Would you transcribe the entries below, beginning at the line with "是主吸嘴下面水准的基准位置 ( 线性传感器读取值 )。在吸嘴上下轴原" and ending after the line with "Get the free", exactly, with no picture and nothing more?

:: Recorded information ::

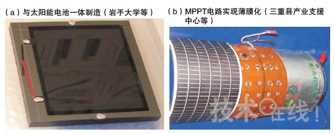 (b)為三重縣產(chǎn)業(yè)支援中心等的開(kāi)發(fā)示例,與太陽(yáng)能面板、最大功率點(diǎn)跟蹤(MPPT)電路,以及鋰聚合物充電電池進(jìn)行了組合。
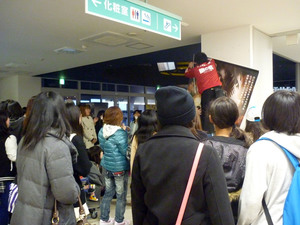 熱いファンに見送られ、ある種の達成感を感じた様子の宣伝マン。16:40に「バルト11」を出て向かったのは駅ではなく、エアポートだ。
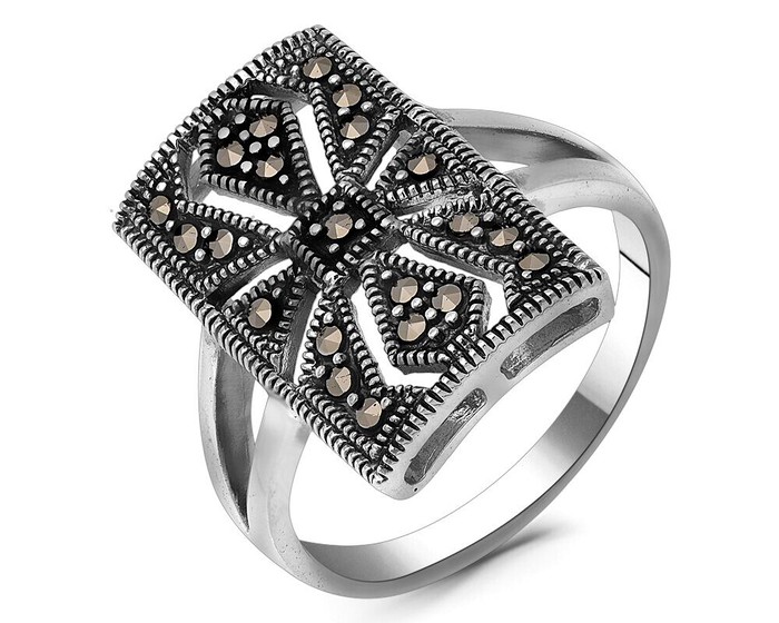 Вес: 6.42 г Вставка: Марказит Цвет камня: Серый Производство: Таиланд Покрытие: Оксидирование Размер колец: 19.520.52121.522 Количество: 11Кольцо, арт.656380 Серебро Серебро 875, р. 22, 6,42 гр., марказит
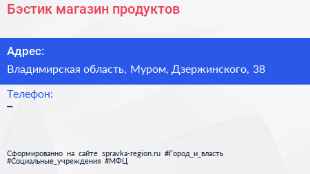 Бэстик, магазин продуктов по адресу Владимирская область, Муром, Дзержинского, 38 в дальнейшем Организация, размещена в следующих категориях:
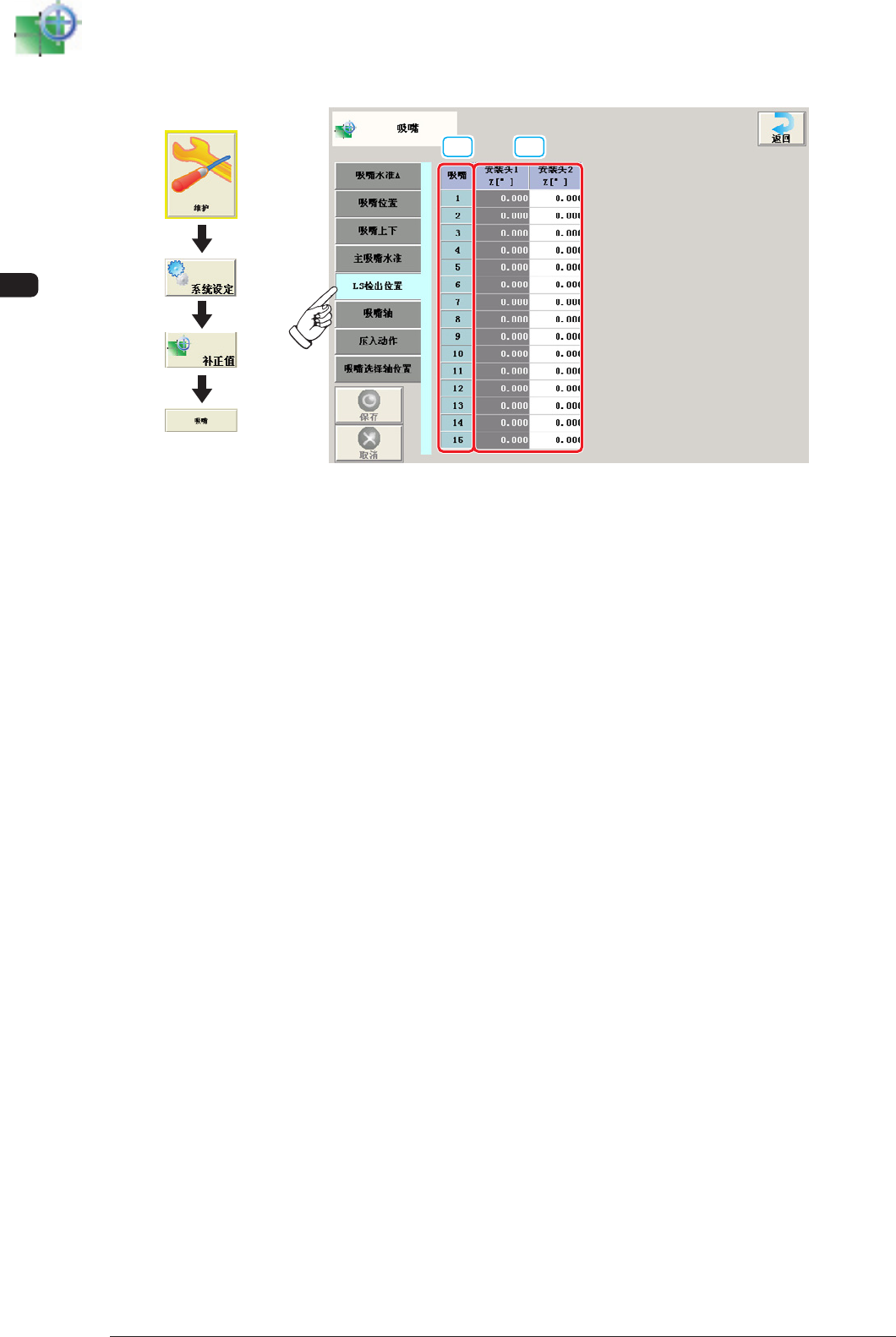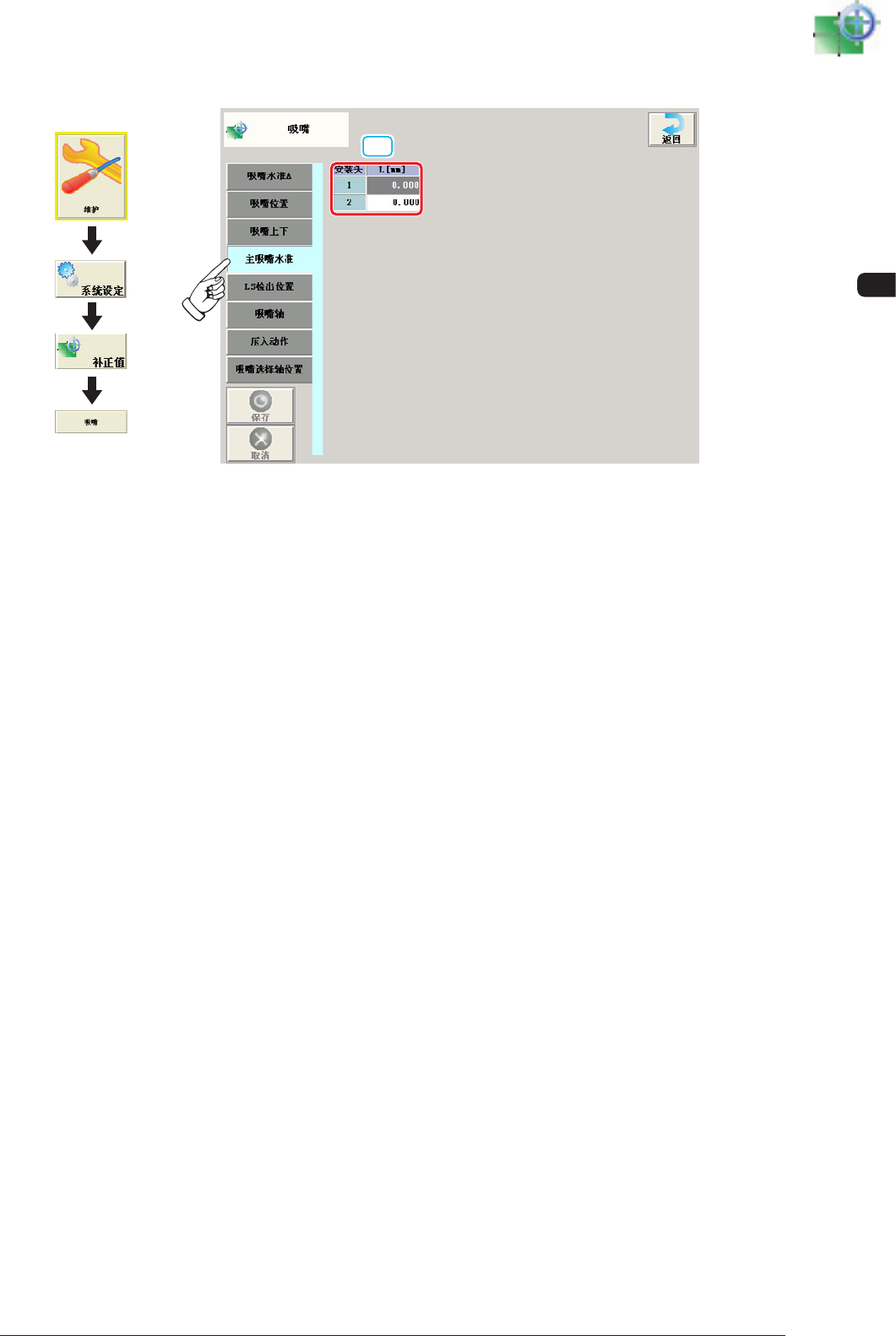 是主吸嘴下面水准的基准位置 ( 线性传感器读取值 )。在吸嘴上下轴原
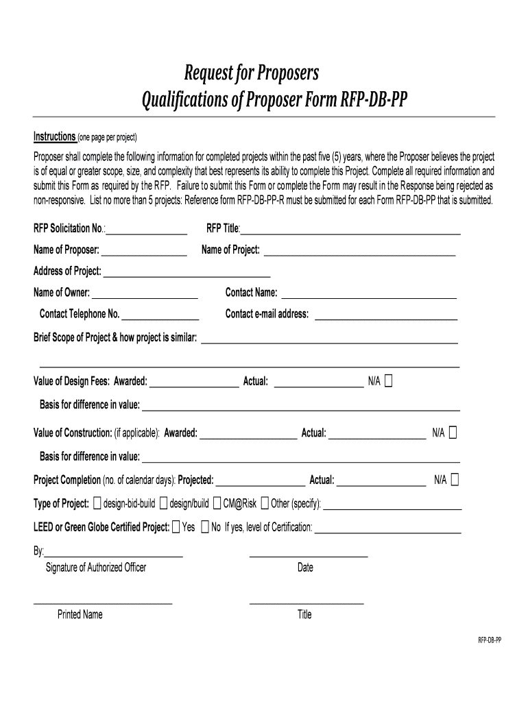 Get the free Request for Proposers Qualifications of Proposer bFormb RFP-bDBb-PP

:::
:: Recorded information ::

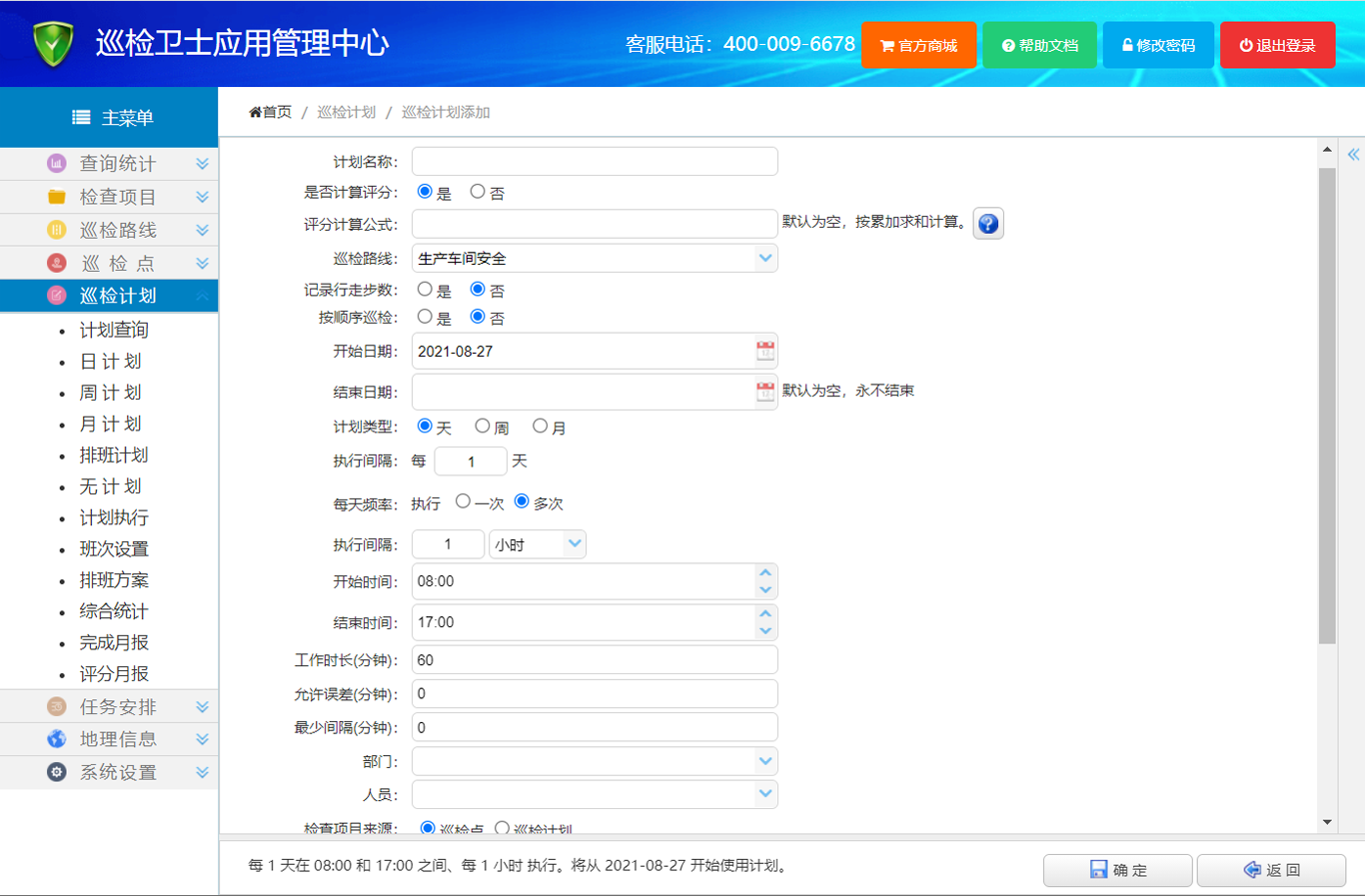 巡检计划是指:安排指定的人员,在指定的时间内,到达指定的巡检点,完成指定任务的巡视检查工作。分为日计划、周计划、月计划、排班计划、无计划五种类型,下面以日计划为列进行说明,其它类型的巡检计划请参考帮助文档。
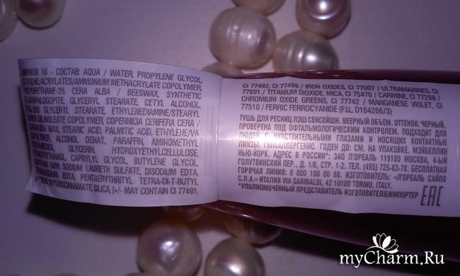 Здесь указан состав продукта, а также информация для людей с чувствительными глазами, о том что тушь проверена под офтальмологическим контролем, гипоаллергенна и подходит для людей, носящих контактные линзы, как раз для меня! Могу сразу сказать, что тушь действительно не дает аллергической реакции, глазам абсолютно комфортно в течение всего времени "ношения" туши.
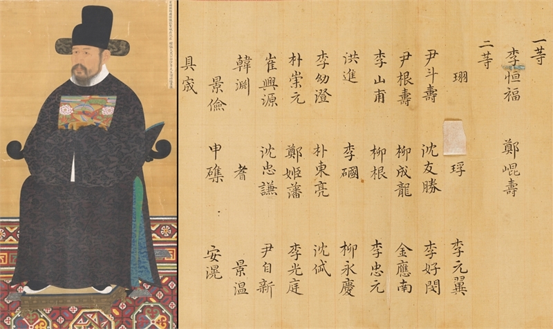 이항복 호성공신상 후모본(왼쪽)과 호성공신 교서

:::

▶ **Reply to the task**
 是主吸嘴下面水准的基准位置 ( 线性传感器读取值 )。在吸嘴上下轴原
 Get the free Request for Proposers Qualifications of Proposer bFormb RFP-bDBb-PP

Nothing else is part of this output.